U no what I’m talkin’ about.

*

The eighth performance in the film Sign O’ The Times is a drum solo by Sheila E. The “E” stands for “Escavedo.” Her father is Pete Escovedo, a renowned percussionist in his own right. Tito Puente was her godfather, and she is also auntie to a young lady you may have heard of called “Nicole Ritchie.” Sheila was romantically involved with Prince at one time and, I was stunned to learn, was also in a thing at one time with Carlos Santana. Yeah.

Her album, “In The Glamorous Life” was always one of my very favorite Prince albums.

But there is a moment in the middle of her drum solo I think about often, because it shows her to be one of the most terrifying drummers out there. During the solo, Sheila gets rid of her sticks and starts beating the cymbals with her hands.

I have never seen another drummer do this. To my knowledge, Mick Fleetwood never did this, nor did John Bonham, nor even Stumpy Joe Childs. This is a move it took a girl drummer to do. She is the fiercest drummer ever and don’t ever forget it.

*

Prince didn’t merely record albums. He forged worlds. And for a while, one could look forward to entering one of these worlds pretty much annually. I’ve spent a good amount of time at Paisley Park (it’s in your heart), and at Christopher Tracy’s Parade. I’ve been talking stuff in the Violent Room, and I have kept Vicky waiting. I was of the New Power Generation and wanted to change the world.

And, I have most certainly spent a lot of time experiencing a religious epiphany known as “Lovesexy.”

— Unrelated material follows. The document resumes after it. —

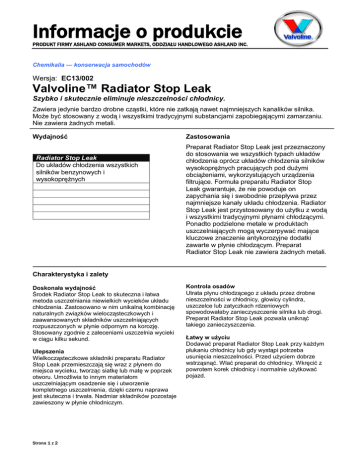 Informacje o produkcie PRODUKT FIRMY ASHLAND CONSUMER MARKETS, ODDZIAŁU HANDLOWEGO ASHLAND INC. Chemikalia — konserwacja samochodów Wersja: EC13/002 Valvoline™ Radiator Stop Leak Szybko i skutecznie eliminuje nieszczelności chłodnicy. Zawiera jedynie bardzo drobne cząstki, które nie zatkają nawet najmniejszych kanalików silnika. Może być stosowany z wodą i wszystkimi tradycyjnymi substancjami zapobiegającymi zamarzaniu. Nie zawiera żadnych metali. Wydajność Radiator Stop Leak Do układów chłodzenia wszystkich silników benzynowych i wysokoprężnych Zastosowania Preparat Radiator Stop Leak jest przeznaczony do stosowania we wszystkich typach układów chłodzenia oprócz układów chłodzenia silników wysokoprężnych pracujących pod dużymi obciążeniami, wykorzystujących urządzenia filtrujące. Formuła preparatu Radiator Stop Leak gwarantuje, że nie powoduje on zapychania się i swobodnie przepływa przez najmniejsze kanały układu chłodzenia. Radiator Stop Leak jest przystosowany do użytku z wodą i wszystkimi tradycyjnymi płynami chłodzącymi. Ponadto podzielone metale w produktach uszczelniających mogą wyczerpywać mające kluczowe znaczenie antykorozyjne dodatki zawarte w płynie chłodzącym. Preparat Radiator Stop Leak nie zawiera żadnych metali. Charakterystyka i zalety Doskonała wydajność Środek Radiator Stop Leak to skuteczna i łatwa metoda uszczelniania niewielkich wycieków układu chłodzenia. Zastosowano w nim unikalną kombinację naturalnych związków wielocząsteczkowych i zaawansowanych składników uszczelniających rozpuszczonych w płynie odpornym na korozję. Stosowany zgodnie z zaleceniami uszczelnia wycieki w ciągu kilku sekund. Ulepszenia Wielkocząsteczkowe składniki preparatu Radiator Stop Leak przemieszczają się wraz z płynem do miejsca wycieku, tworząc siatkę lub matę w poprzek otworu. Umożliwia to innym materiałom uszczelniającym osadzenie się i utworzenie kompletnego uszczelnienia, dzięki czemu naprawa jest skuteczna i trwała. Nadmiar składników pozostaje zawieszony w płynie chłodniczym. Strona 1 z 2 Kontrola osadów Utrata płynu chłodzącego z układu przez drobne nieszczelności w chłodnicy, głowicy cylindra, uszczelce lub zatyczkach rdzeniowych spowodowałaby zanieczyszczenie silnika lub drogi. Preparat Radiator Stop Leak pozwala uniknąć takiego zanieczyszczenia. Łatwy w użyciu Dodawać preparat Radiator Stop Leak przy każdym płukaniu chłodnicy lub gdy wystąpi potrzeba usunięcia nieszczelności. Przed użyciem dobrze wstrząsnąć. Wlać preparat do chłodnicy. Wkręcić z powrotem korek chłodnicy i normalnie użytkować pojazd. Informacje o produkcie PRODUKT FIRMY ASHLAND CONSUMER MARKETS, ODDZIAŁU HANDLOWEGO ASHLAND INC. Bezpieczeństwo Niniejszy produkt prawdopodobnie nie stwarza znaczącego zagrożenia dla zdrowia lub bezpieczeństwa, o ile jest używany prawidłowo w odpowiednim zastosowaniu. Kartę charakterystyki (MSDS) można uzyskać na życzenie od lokalnego dystrybutora lub pobrać ją z witryny pod adresem http://msds.ashland.com Ochrona środowiska Zużyte chemikalia należy oddawać do odpowiedniego punktu zbiórki. Nie spuszczać do ścieków, gleby lub cieków wodnych. Charakterystyczne właściwości Charakterystyka typowych właściwości jest oparta na aktualnie produkowanym preparacie. W przyszłości produkcja będzie zgodna ze specyfikacjami Valvoline, natomiast mogą wystąpić zmiany tej charakterystyki. Radiator Stop Leak Wygląd Kolor PH Ciężar właściwy w temperaturze 15°C. Przechowywanie People Who Know Use Valvoline™ Działając w ponad 100 krajach na całym świecie, firma Valvoline to wiodący sprzedawca, dystrybutor i producent wysokiej jakości produktów i usług samochodowych i przemysłowych. Do produktów tej firmy należą smary samochodowe, m. in. MaxLife™ — pierwszy olej silnikowy o formule przeznaczonej specjalnie do pojazdów o wyższym przebiegu; płyny przekładniowe, oleje przekładniowe, smary hydrauliczne, chemikalia motoryzacyjne, produkty specjalne; smary oraz produkty do układu chłodzenia. Aby uzyskać więcej informacji na temat produktów i usług firmy Valvoline, odwiedź www.valvolineeurope.com Autor: AdG Zastępuje – EC13/001 Brązowy płyn Bezbarwny 9-10 1.02 w suchym i chłodnym miejscu Niniejsze informacje dotyczą wyłącznie produktów wytwarzanych w następujących lokalizacjach: Europa *Znak towarowy będący własnością osoby trzeciej ™ Znak towarowy Ashland lub przedsiębiorstw zależnych, zarejestrowany w różnych krajach © 2012, Ashland Uważa się, że wszelkie informacje oraz dane przedstawione w niniejszym dokumencie są dokładne i wiarygodne, ale nie mogą być traktowane jako gwarancja, gwarancja wyraźna lub dorozumiana, gwarancja przydatności handlowej lub przydatności do określonego celu, lub reprezentacja, wyraźna lub dorozumiana, za którą Ashland Inc. i jej spółki zależne ponoszą odpowiedzialność prawną. Strona 2 z 2

It was three years ago on a Thursday. I had taken April 22 off of work to drive to my Grandma’s house for her birthday with my Dad. I had taken a break to peek at my phone, and there were reports of a body found in Chanhassen. Later reports confirmed the body belonged to Prince. He had been found slumped over in an elevator, which I immediately found to have been horribly poetic.

Punch a higher floor.

Strangely, that weekend, I had to explain Prince to my 92-year-old grandmother. To explain to her how widely admired was the Dude Extraordinaire, I broke out the big comparison. What was it like, I asked her, when you lost Glenn Miller?

I watched Purple Rain every night for a week once I returned. I have since re-written it in my head because it is not a good movie. I have also since purchased and digested Art Official Age, PlectrumElectrum, and Hit and Run Phases One and Two. These, his last released works, would all sit comfortably next to anything he had ever done; they are that good, which I find to be the largest shame of his end. I think he was ready to unleash at least another decade’s worth of music on us.